A right triangle has one angle which is 90°, so the sum of the other two angles must be 180°-90°=90°.
There are a couple of combinations of these other two angles that lead to special right triangles, with interesting properties.
For example, if one of the remaining, non-right angles is 45°, the other one must also be 45° (90°-45°=45°) and we have a triangle that is both a right triangle and an isosceles triangle (since both its base angles are equal to 45°). This triangle is often called a 45 45 90 triangle. Such triangles are formed by the diagonals of a square.

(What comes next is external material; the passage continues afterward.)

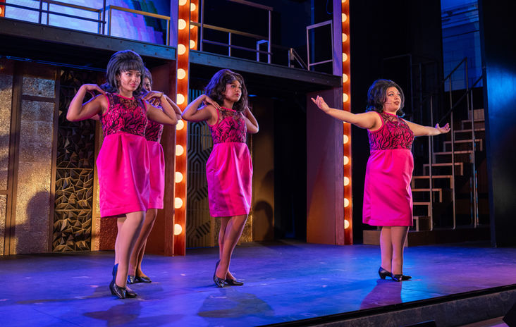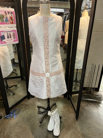For this production, I built and altered dresses for the Shirelle's and Chiffon's numbers. The pink and sequin dresses were finished with a center back lap zipper and bias binding on neckline and armsceye. The shift dresses for the Chiffon's were cut from a commercial pattern, and during the fitting process we discovered that they were all too snug in the hips. I assisted in the fittings, and was able to insert triangle shaped panels into the side seams, and fix the fit of the dresses.

Let’s look at a problem in which this is useful.
Find the length of segment AC in the following polygon
Let’s look at the hints given in the problem. The polygon is made up of two right triangles (indicated by a square angle marker), and we are asked to find the length of a line segment which is a leg in one of them. This is a hint to use the Pythagorean theorem.
But we can’t apply it directly since we don’t know anything about the sides of triangle ΔABC. We do know the length of the hypotenuse of ΔBCD. So we can start by applying the Pythagorean Theorem to it and finding the length of its legs.
Then, in the second step, we can use the lengths we found for the first triangle and apply the Pythagorean Theorem again, to the right triangle ΔABC.
This is called a multi-step problem, where we solve one problem first (finding the edges of ΔBCD) as an intermediate step, and then apply the results to another triangle.
But to apply the Pythagorean Theorem to ΔBCD we need more than just the length of the hypotenuse. We need one more side. This is where the next hint comes in. The angle ∠BDC is 45°, which means that ΔBCD is isosceles. So both legs are equal, CB=BD. We can set their length to ‘y’, and solve this problem algebraically.
And the same is true for ΔABC: ∠BCA is 45°, which means that ΔABC is isosceles in addition to being a right triangle. So knowing just the hypotenuse will be enough to find the legs.
(1) ΔCBD is a right triangle //given
(2) m∠BDC = 45° //given
(3) m∠BCD = 45° //sum of angles in a triangle is180°, and the other two angles are 90° and 45°
(4) ΔCBD is isosceles // (2), (3)
(5) BC=BD=y //defintion of isosceles triangle
(6) 5² = y² + y² // Pythagorean theorem.
(7) 25 = 2y²
(8) √(25/2) = y
(9) y = 5/√2
(10) ΔCAB is a right triangle //given
(11) m∠ACB = 45° //given
(12) m∠ABC = 45° //sum of angles in a triangle is180°, and the other two angles are 90° and 45°
(13) ΔCAB is isosceles // (11), (12)
(14) AC=AB=x //defintion of isosceles triangle
(15) CB² = x² + x² // Pythagorean theorem.
(16) 25/2 = 2x² //Substitution, (5), (9)
(17) 25/4 = x²
(18) x=√(25/4)= 5/2 = 2.5